Employee Benefit Plans, text accompanying note 70 (emphasis added). Also, “the trustee (and other plan fiduciaries, including management personnel acting in fiduciary capacities) should avoid giving advice or recommendations to participants regarding the voting____” Id., text accompanying note 119 (emphasis added).

Unlike the problem of trustees’ dual loyalty, the question of the trustees’ obligations as “election monitors” in a pass through voting situation appears not to be the subject of any case law. It is therefore necessary to draw “relatively specific implications from general statutory provisions.” See Memorandum of the Secretary of Labor as Amicus Curiae Regarding Issues Presented by Motions for Summary Judgment, Harris v.
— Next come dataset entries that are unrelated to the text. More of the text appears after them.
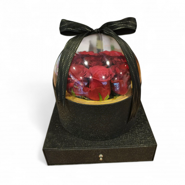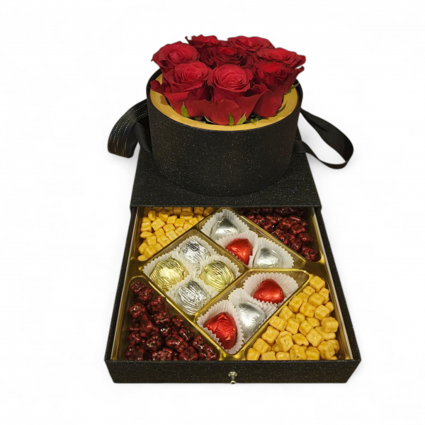 Fanus kapaklı kutuda kırmızı gğller ve çikolatalar
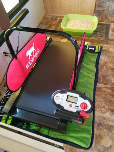 Will start feeding him on it today and when he is comfortable being on it I will turn it on while he is in the room and just let him get use to it moving then I will harness him and place him on it while it is off and see how he does. Once we are able to get him on it I or DH will lift him a bit off of it while it slowly moves and see how he reacts. Baby steps hopefully it won't turn into a clothes hangar.
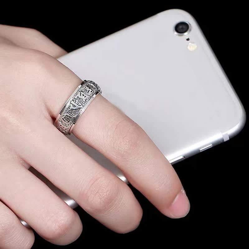 Buddha Stones Six True Words Swastika Copper Healing Rotatable Ring
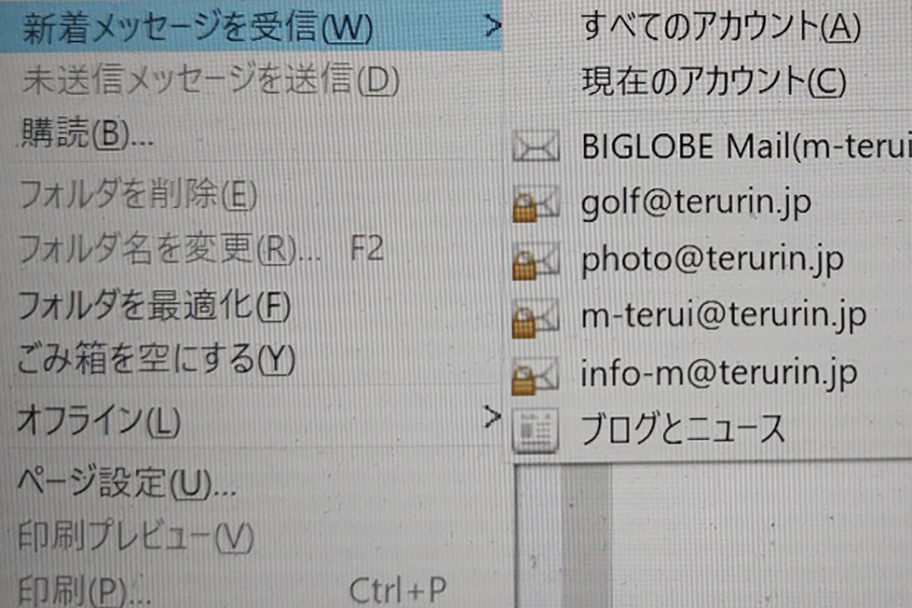 名刺に、テルリン工房のゴルフの問い合わせはgolf.terurin.jp 、写真撮影などは、テルリン工房のphoto.@terurin.jpで受けれなくなって困ってました。でグーペに問い合わせ、サンダーバードに問い合わせ、結局、サンダーバードのソフトを最新に更新すると、あっさり、問題解決!!!両方の(昔から使ってたメール、グーペのメール)メールが受けれれば、ソフトの更新かな??も片方だけだったので。

Texas Air, CA No. 87-2057 (D.D.C.) (“DOL Memorandum”), text accompanying note 23. Nevertheless, given the Department of Labor’s position in the CHH Letter, as reiterated in the DOL Memorandum, the basic idea seems simple enough: the trustees

(1) should provide neutral information to the participants explaining what a “pass through” voting right is and how to exercise it;
(2) should not advise the participants on how to vote (the participants are, after all, exercising ostensibly “independent” control over their allocated shares);
(3) should ensure that the participants receive sufficient accurate information to make an intelligent voting decision; and
(4) when asked to forward information to the participants, should ensure that the information is not false or misleading.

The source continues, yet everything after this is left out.